# Dear Hyperion im waiting for 2 cds for so long, can you sent me my record please



## deprofundis (Apr 25, 2014)

I wonder if someone work for Hyperion label here, i pass two ordering namely
Pierre de Manchicourt and Jacquet de mantua, were in october half of the month.

I have pass my ordering of manchicourt in july and mantua in august why is it so darn long.
The store said these cd were not out of print yet , that they could have them i order em
at HMV in my hometown montreal canada ...

I know sometime it can take up to six month to get your cds, after six month , there officially
out of print or unavailable the same thing.

I dont blame the store , i dont blame this tabuleous label that i love so mutch , i blame the distro,
distributors are the one that ar problematic.They work in these hhudge storage warehouse, they probably pass in front of pile of cd of manchicourt 10 time but they could not located it.

I wonder if it's a problem of incompetance of distributor.When it's 2-3 weeks it'S normal ,when you wait 4 to 8 weeks it long, when it take more than 8 weeks i says what the hell?

Once i order a BIS cd of jon leif it did comme up but 6 month laters what the f...(sorry for my language).i have a lot of hyperion title in my collection and i cheerish themand spend aconsiderable amount of money on hyperion released, darn it's distributed by sony if im correct.

Sony is a big compagny for distribution they have wharehouse in usa and european country
we have the internet than why is it so long why? i ask you why?
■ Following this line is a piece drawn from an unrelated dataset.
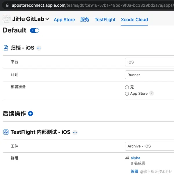 注意:Xcode Cloud 网页上的部署准备(Deployment Preparation)没有 Testflight 选项,估计是 Apple 的 bug。

Please hyperion answer my wish send me these cds im frustrated to this point, jeez hope i wont get them next year in the midle of winter time.I dont get it do you, please someone tell hyperion big boss , there is dude in canada that want his cd, he suffer the wait long enought,hoping these will arrived sooner or later.


----------



## deprofundis (Apr 25, 2014)

Or maybe im sutch a cry baby, and that about it, but i love Hyperion understand this and i love the Brabant ensemble and the work of mister Stephen Rice,


----------



## deprofundis (Apr 25, 2014)

At last i received one of the cd i order the great Jacquet de mantua , executed by the brabant ensemble lead by mister stephen rice, someone answer one of my prayer im so happy, yeah, cheers!!

And what about the cd well yah know it is that great im thrill


----------



## Pugg (Aug 8, 2014)

Look deprofundis:

http://www.hyperion-records.co.uk/pages/contact-us.asp

Hope they can help you.


----------



## deprofundis (Apr 25, 2014)

i got the cd of Pierre de Manchicourt yay, i love guys on TC, thanks for the support and blessing


----------



## PlaySalieri (Jun 3, 2012)

Anybody on here from Amazon?

I ordered a 5 CD set of Elliot Carter on tuesday and it aint here yet.


----------